Intrinsic properties
The fascinating H2O molecule has many intrinsic properties. One of its properties gives the molecules a strong cohesion resulting in a strong surface tension which creates ‘tight’ surfaces some insects can even walk on. Strong surface tension makes it difficult for a surface molecule to escape into the atmosphere, which raises the temperature at which enough water vapor will be released to cause ‘super-convection’. Another intrinsic property sets the freezing temperature at zero degrees Celsius and not at +10, +20 or minus 20 degrees. Binding one oxygen atom to two low-density hydrogen atoms results in a low-density water molecule, so very humid, low density, air easily rises. H2O’s intrinsic properties determine all essential elements of Earth’s main cooling system, which is dominated by H2O. The properties are intrinsic to the molecule itself: they don’t change over time. Therefore, the surface temperature of the Earth could have remained at the same level over billions of years if Earth’s orbital settings and the distribution of oceans and continents over its surface hadn’t changed. H2O’s intrinsic properties set the level of Earth’s surface temperatures for every specific orientation and surface arrangement of the Earth. The H2O molecule, nothing else.

Faint young Sun paradox
During the first years of early Earth, the Sun’s output must have been about 30 percent less intense as nowadays. Less solar energy reached the Earth. Nevertheless, the surface of the Earth has never been much colder than present Earth. This is called the faint young Sun paradox. Knowing the role of H2O-related surface cooling, that paradox is solved. As total insolation reaching the surface is controlled by tropical clouds and the Earth’s surface temperatures are controlled by H2O-related surface cooling, the Earth’s surface temperatures don’t simply depend on the intensity of solar irradiation reaching the Earth. In the case of a faint Sun, evaporation diminishes, less tropical clouds cover tropical oceans and enable more (but weaker) solar rays to reach and warm a larger surface area. End result for tropical oceans: about the same.

No Snowball Earth
Because the quantity of insolation reaching the surface is controlled by tropical clouds and because of H2O-controlled surface cooling, no complete snowball Earth has probably existed. A slightly colder surface strongly diminishes H2O related surface cooling. Diminishing tropical clouds result in a higher uptake of solar energy by tropical oceans. The final result is tropical oceans still remaining warm. On water Earth no full snowball Earth is possible. Even when all present land (29% of the total surface) is concentrated on both poles, the result is just a partial snow- and ice-covered surface. Most of the other 71% of the surface will be covered by relatively warm oceans, oceans that are redistributing tropical absorbed solar energy over mid-latitudes, not hindered by any continent.

Conclusions
The Earth’s greenhouse effect is huge, much higher than normally assumed. If cooled by ‘surface radiation only’ the surface of a theoretical planet would have had a surface temperature of 202.3°C. But the Earth’s surface temperatures are not set by the strength of Earth’s greenhouse effect.

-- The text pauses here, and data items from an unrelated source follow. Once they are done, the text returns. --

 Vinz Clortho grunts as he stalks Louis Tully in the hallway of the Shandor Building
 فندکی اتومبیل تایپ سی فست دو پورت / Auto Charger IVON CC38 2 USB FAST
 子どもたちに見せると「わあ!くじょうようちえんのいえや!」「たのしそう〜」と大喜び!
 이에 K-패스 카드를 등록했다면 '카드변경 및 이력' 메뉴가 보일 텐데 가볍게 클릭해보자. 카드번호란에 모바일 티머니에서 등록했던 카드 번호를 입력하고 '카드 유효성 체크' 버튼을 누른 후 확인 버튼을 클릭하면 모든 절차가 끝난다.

Additional H2O-based cooling systems keep the surface at a much lower temperature, balancing rising surface radiation uptake. At present, that balance is reached at a yearly average of 15 degrees Celsius.

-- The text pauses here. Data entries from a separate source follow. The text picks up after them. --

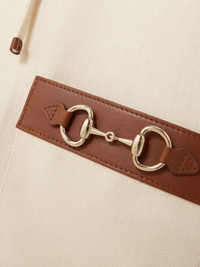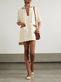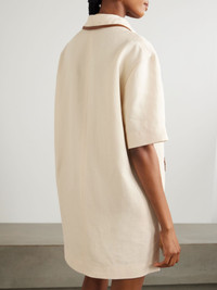 Horsebit-embellished leather-trimmed linen mini dress Cream
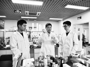 程勇(中)在指導(dǎo)學(xué)生做實(shí)驗(yàn)。 中央民族大學(xué)供圖
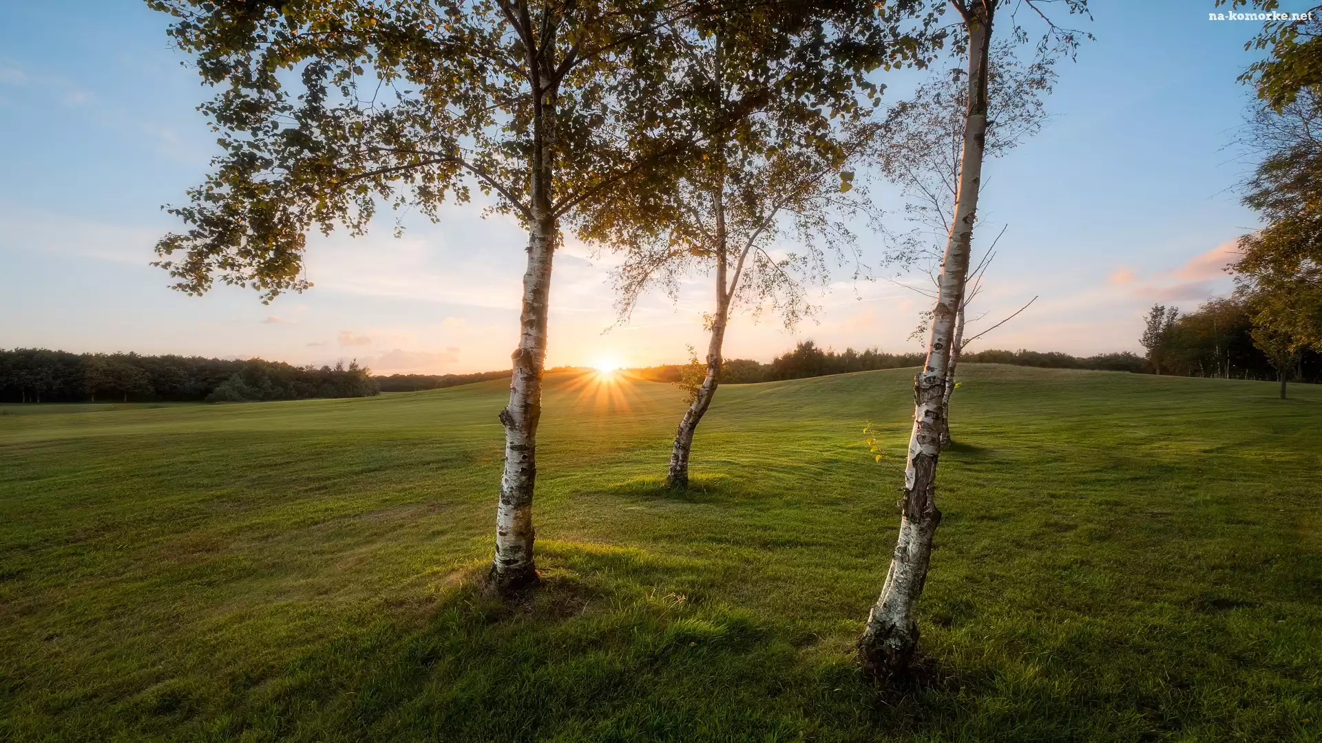 Pole, Brzozy, Trawa, Drzewa, Promienie słońca na Komórkę

Thanks to H2O-related surface cooling the Earth’s surface temperatures are bound to a narrow range, at a temperature level well suited for life on Earth. Due to its stability, life developed over many hundreds of millions of years.

Temperature regulates the cooling system; the cooling system regulates temperature.

####

With regards to commenting, please adhere to the rules known for this site: quote and react, not personal. And when commenting, please don’t use abbreviations but words

About the author: Wim Röst studied geography in Utrecht, the Netherlands. The above is his personal view. He is not connected to firms or NGO’s or funded by government(s).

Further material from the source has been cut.